Analysts at Tudor, Pickering, Holt & Co. (TPH) described the week’s EIA storage number as a “non-event.” Not only was the figure close to consensus, but the market’s focus has shifted to demand destruction amid the Covid-19 pandemic and weakness in liquefied natural gas (LNG) pricing, they said.
“Four days into shutdowns, the impact on gas demand is far from clear,” the TPH analysts said. “On a week/week basis, demand is down 1.9 Bcf/d, but residential/commercial makes up half the delta and is the most prone to seasonal fluctuations; industrial demand is down 0.3 Bcf/d week/week and 0.8 Bcf/d year/year.”
As for LNG, TPH estimates Friday showed utilization for U.S. exports at 106%, with Sabine Pass “running above 4 Bcf/d after averaging closer to 3 Bcf/d” in the week prior “due to weather issues. As we move through 2Q, we expect utilization to come down, based on our spot spread estimates that show shipments to Europe out of the money from April through September.”
Shoulder Season Slump
Shoulder season conditions and the strain of social distancing measures on economic activity offered little upside for prices in Friday’s trading. Deals for weekend and Monday delivery saw discounts from coast to coast.
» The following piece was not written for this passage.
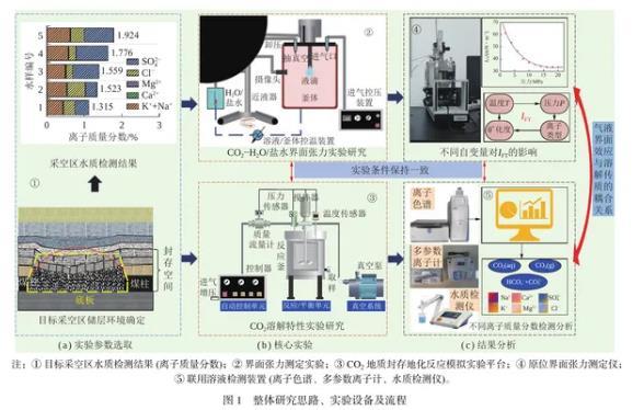 首先,通過原位界面張力測定儀開展的實驗揭示了不同溫壓條件下CO2與地層水系統間的界面張力(IFT)變化規律。研究發現,儲層壓力的增加會導致IFT顯著降低,而溫度升高時,IFT會略有上升。此外,礦化度的增加會導致IFT增高,特別是在高溫、高礦化度的環境中。不同的陽離子溶液類型對CO2與鹽溶液之間的IFT也有顯著影響,表現出隨陽離子價態的升高而增大的趨勢。

If recent trends persist, Northeast hubs could struggle to hang onto a $1-handle. In Friday’s trading, Transco Zone 6 NY tumbled 15.5 cents to average $1.125. Farther upstream in Appalachia, Dominion South slid 15.0 cents to $1.095.
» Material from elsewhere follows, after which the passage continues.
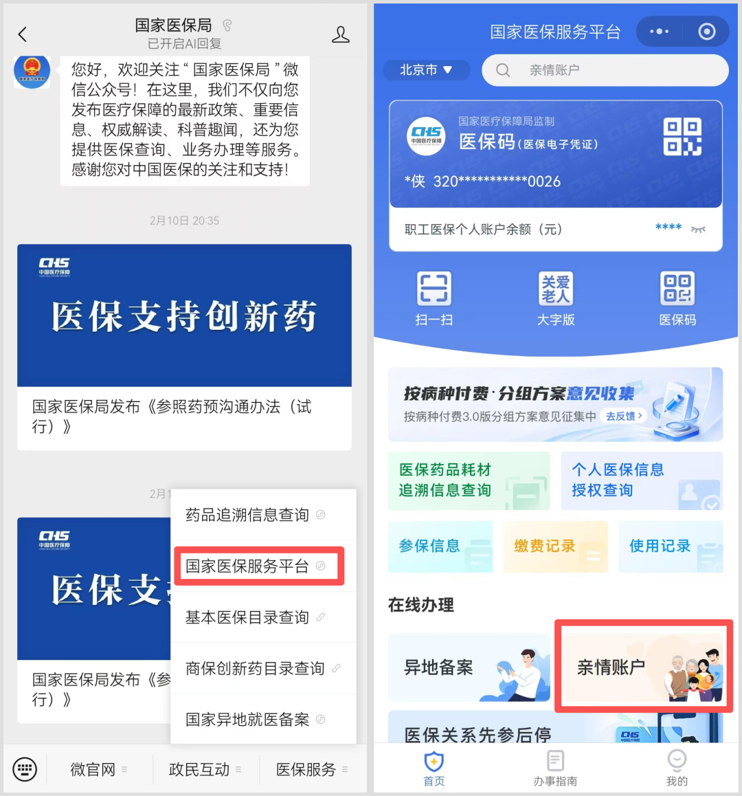 点击医保服务→国家医保服务平台,进入“亲情账户”操作页面
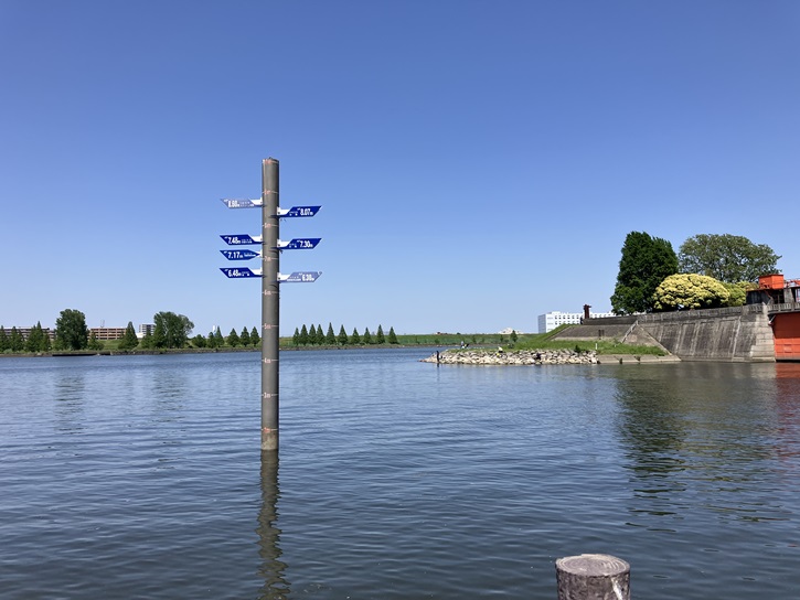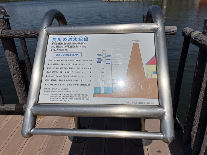 川の中にポールが立っています。荒川の過去の洪水時の最高水位を表示したものだそうです。

Near-term weather forecasts had shifted warmer Friday, while expectations had trended cooler for the upcoming work week, Genscape’s Margolin said.
Genscape meteorologists were forecasting the next four days would see eight heating degree days warmer compared to expectations earlier in the week, the analyst said. By contrast, the firm revised its forecast colder for the period from Tuesday through April 6, adding 32 Bcf, or 5 Bcf/d, of expected demand.
“Demand over the next 10 days is currently projected to average right at 81 Bcf/d,” Margolin said Friday. “This estimate is inclusive of adjustments we have already made for Covid-19 destructive impacts, which we roughly estimate to be about a 4% reduction from ‘normal’ levels.”
West Texas was the one region where spot prices consistently gained Friday, although hubs there entered the day at steep discounts. El Paso Permian picked up 3.5 cents to average 27.0 cents.